Showalter holds the Oates family dear to his own heart. Johnny Oates managed Showalter when he was a New York Yankees farmhand in the early 1980s. Like most of the baseball world, he was devastated when Oates died of a brain tumor in 2004. When Showalter took the Orioles' managerial job, he chose to wear Oates' No. 26 as a tribute, but not before he received the blessing of Oates' wife, Gloria, and his family.
“He did everything with a pure heart,” Showalter said of Oates. “When he told you something, you knew he felt from his years of experience it was something that he needed to impart to you. I was like a sponge around John, and he cared so much, almost to a fault.”
So reaching out to Oates' grandson seemed natural. Two days after Showalter's call Johnny was back at home but couldn't do much. A young boy needed something to cheer him up. That's when Roberts called and shared the story of having open-heart surgery.
“He'd been kind of moping around and then this huge smile comes across his face,” Andy said of Roberts' call.
“I just tried to encourage him with the fact that even 30 years ago when I had mine, it wasn't too, too long until I was able to get back out there and start doing some stuff,” Roberts, 35, said. “There was a time period where I couldn't do everything I wanted to, but that obviously the long-term gain is so much better than unfortunately the short-term pain. I just tried to encourage him with that.”

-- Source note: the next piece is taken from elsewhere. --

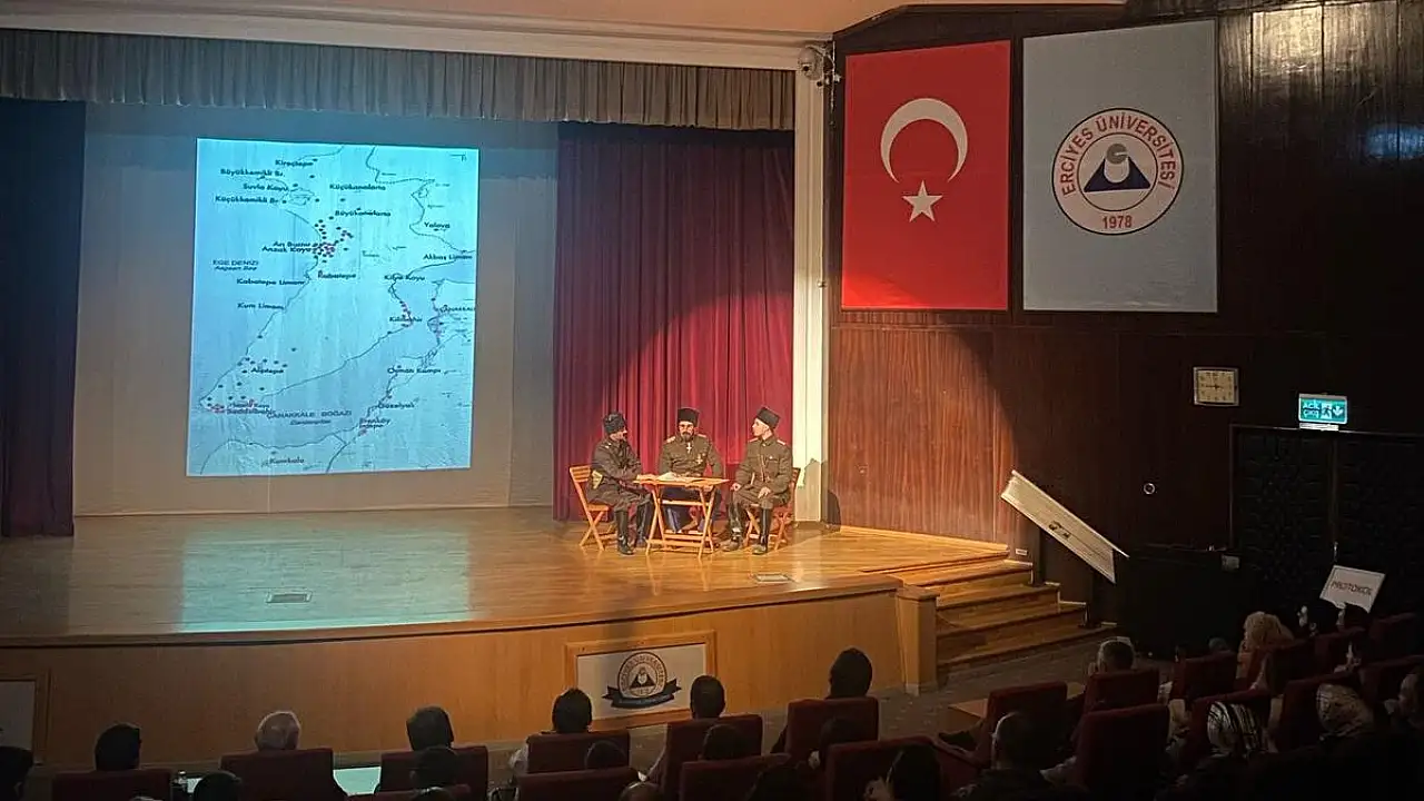 Erciyes Üniversitesi Spor Bilimleri Fakültesi Rekreasyon Bölümü öğretmen ve öğrencileri tarafından hazırlanan 'Çanakkale 1915 Biz Hep Buradayız' tiyatro oyunu sahnelendi.Yazar ve yönetmenliğini Yusuf Oğuz Altuntaş'ın üstlendiği oyunun Yardımcı Yönetmeni M

Johnny's recovery was quick. Just four weeks after the surgery he was fielding ground balls. In six weeks, he was given clearance to play baseball again. He hasn't been cleared to play football yet, but he has a clean bill of health. He takes a baby aspirin every day and gets a checkup every six months.
“I think on Christmas morning, Johnny was saying this was the worst Christmas ever,” Andy said. “But I told him that it's the best Christmas ever. We never could have realized what was wrong and we could have had a catastrophe on our hands down the road.”
As his Johnny and Jackson visited the Ed Smith complex, clutching bags of sunflower seeds, Andy reminded them of the opportunity they had — that few kids their age are allowed this type of access to a major league team.
Andy remembers his father's final game as manager of the Orioles, sitting in the dugout of Camden Yards during a rain delay on the final night of the strike-shortened 1994 season.
“Coming back here with my kids, it kind of reminds you that you can take things for granted sometimes,” Andy said.
Showalter has remained a close friend to the Oates family.
"To have them here, I've got to tell you, 10 times today I looked over at Andy and I thought it was Johnny," Showalter said. "And to look at Johnny [II] and Jackson, gosh, they all have the same body language and facial expressions."
Showalter invited Johnny and Jackson to throw out the first pitch before Friday's home Grapefruit League home game against the Boston Red Sox at Ed Smith Stadium.
"I told them that whoever throws out that first pitch has to sing the National Anthem," Showalter joked. "That really backed them off."
As for Roberts, he remembers being reluctant allowing people to see his surgery scar as a kid. But on Wednesday, when he and Johnny showed their scars in unison, there was no shame.
"It creates somewhat of a common bond and it helps to reduce some of your inhibitions and your natural struggles with it, because he is different than some of the kids he's around," Roberts said. "I can remember going to the pool when I was young and just getting stared at and people looking at you, and it can be something you can be self-conscious of. And hopefully that was a moment when he thought that he was kind of cool. There's nothing wrong with being a little different."